The power of two-locus affected sib-pair linkage analysis to detect interacting disease loci

It has been shown that two-locus linkage analysis can, for some two-locus disease models, be used to detect effects at disease loci that do not reach significance in a genome scan. However, few examples exist where two-locus linkage has been successfully used to map genes. We study the possible gain in power of affected sib-pair nonparametric two-locus linkage analysis for two-locus models which fulfil the two-locus triangle constraints. Using a new parameterization of the two-locus joint identity-by-descent sharing probabilities we can, for fixed marginal sharing at both of two unlinked disease loci, derive a two-locus distribution such that the power of a two-locus analysis is maximized.
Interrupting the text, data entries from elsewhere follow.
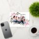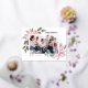 Joyeux Noël! Envoyez des voeux de vacances à votre famille et à vos amis avec cette carte postale de Noël personnalisable en feuille d'or. Il présente l'aquarelle illustration de poinsettias roses, baies, coton et hollies. Personnalisez en ajoutant des photos et vos propres textes. Cette carte postale de Noël à fleurs roses est disponible dans une variété de cartons.
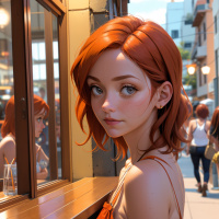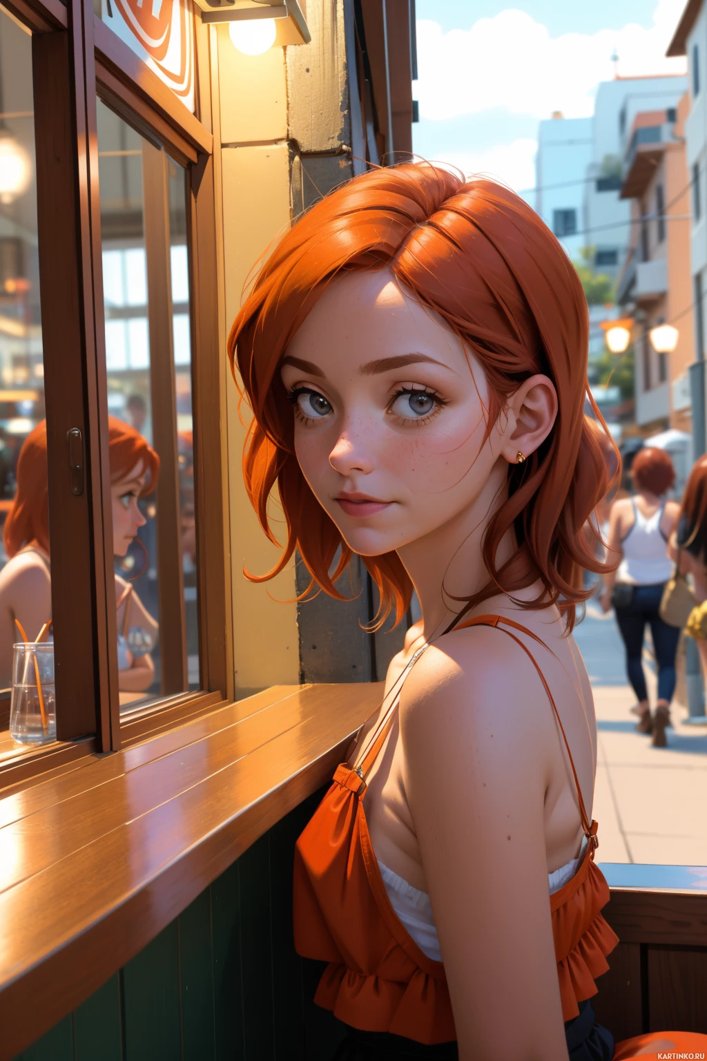 рыжие волосы | Red-haired | Девушка с яркими рыжими волосами в уличном кафе
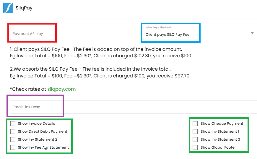 - Choose who pays the fee - You can decide to absorb the fee or you can pass the fee onto the client (see the blue box in above image)

In a simulation study we look at two test statistics, the two-locus maximum liklihood score and the correlation between nonparametric linkage scores, and study power as a function of marginal sharing. We show that in a best-case scenario two-locus linkage can have considerable power to detect pairs of interacting loci if there is a moderate increase in allele sharing at one of the two loci, even if there is a very small increase in allele sharing at the other locus. But we also show that the power to detect interacting loci in a two-locus analysis decreases as the marginal sharing at the two loci decreases and for any distribution with a small increase in allele sharing at both loci the power of a two-locus analysis is always low.